Enver Pasa, diary entry, 4 October 19111

ABRUZZI’S command in the Adriatic and Ionian Seas was not the only independent Italian naval unit. The outbreak of hostilities in Tripoli overlapped with Ottoman troubles in the Yemen vilayet and the neighbouring mutasarrifiyya (sub-governorate) of Asir (now a province of Saudi Arabia). Ottoman sovereignty was particularly disputed by the Idrisi, under the leadership of Sayyid Muhammad Ibn Ali al-Idrisi, who had been in a state of more or less continual insurrection from 1904.2 Indeed, part of the reason for Ottoman forces in North Africa being weak related to Yemen and Asir; a goodly proportion of the Tripoli garrison had been redeployed there to restore order.3 A new Vali, Muhammad ‘Ali Pasa, had been appointed in 1910 and his policy, aided by Sharif Faysal (Feisal) of later Arab Revolt fame, was one of repression and military occupation. This policy had succeeded, to the extent that by the beginning of October 1911 the Ottoman forces had regained control of the port city of Jizan, Asir.4

When the Italo-Ottoman conflict broke out, Idrisi saw it as a case of ‘my enemy’s enemy is my friend.’ The Italians thought along similar lines, and under this temporary and unofficial alliance their naval units in the Red Sea, based in Eritrea, actively aided the insurgents and attacked Ottoman coastal installations. Fear of this policy caused the hurried abandonment of Jizan, with a great loss of stores and equipment, whereupon the Idrisi quickly took repossession. From Italy’s point of view this meant it was neutralised, but there were still several major Yemeni ports in Ottoman hands, mainly al Hudaydah (Hodeidah, Hudayda), al Mukha (Mocha, Mocca Mokha) and Cheikh Said (Shaykh Said).

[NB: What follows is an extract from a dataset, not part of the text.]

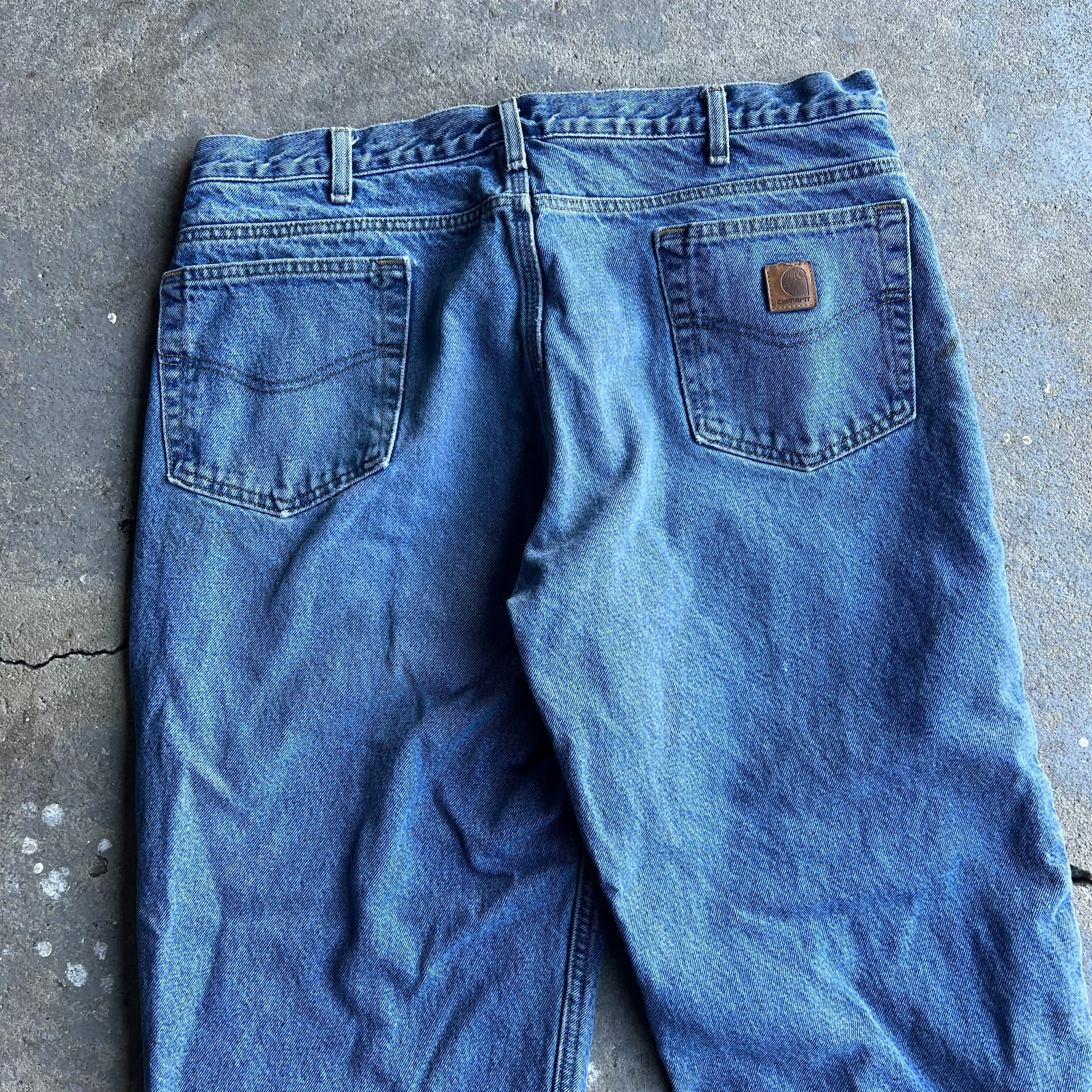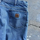 Vintage carhartt flannel lined denim blue jeans work wear carpenter pants. Good pair! Measure 36x29.5 and a 9.25 leg opening. Please check measurements before purchasing. I do my best to show any flaws in pictures. Quick shipping! Bundles encouraged! @ants_haul on Instagram. 357!!!

The Italian naval presence in the Red Sea was neither large nor powerful, the main units in October 1911 being the old Umbria class protected cruisers Elba (1893), Liguria (1893), and Puglia (1898), together with the similarly designated Etna class Etna (1885) and (later) the Piemonte class Piemonte (1888). Other vessels of note included the Partenope class torpedo-cruiser Aretusa, the Curatone class gunboat Volturno (1887) and Governolo class Governolo (1894). This still greatly outgunned anything the Ottoman navy would be likely to deploy, their available units in the theatre amounting to seven torpedo boats. In any event, and despite the age and weakness of his vessels, a blockade of the coast was maintained without undue difficulty under the dynamic leadership of Captain Giovanni Cerrina-Feroni.

One minor incident occurred on 2 October when Aretusa and Volturno engaged the torpedo gunboat Peik-I-Shevket (Peyk i evket) near al Hudaydah and chased it into the harbour there. The Italians then bombarded the quays and forts before withdrawing, having destroyed a small vessel belonging to the customs. As elsewhere, Italian naval preponderance prevented much in the way of Ottoman activity, though there was to be a fight of sorts on 7-8 January 1912 at Al Qunfidhah (Konfida, Kunfuda, Qunfudah, Cunfida).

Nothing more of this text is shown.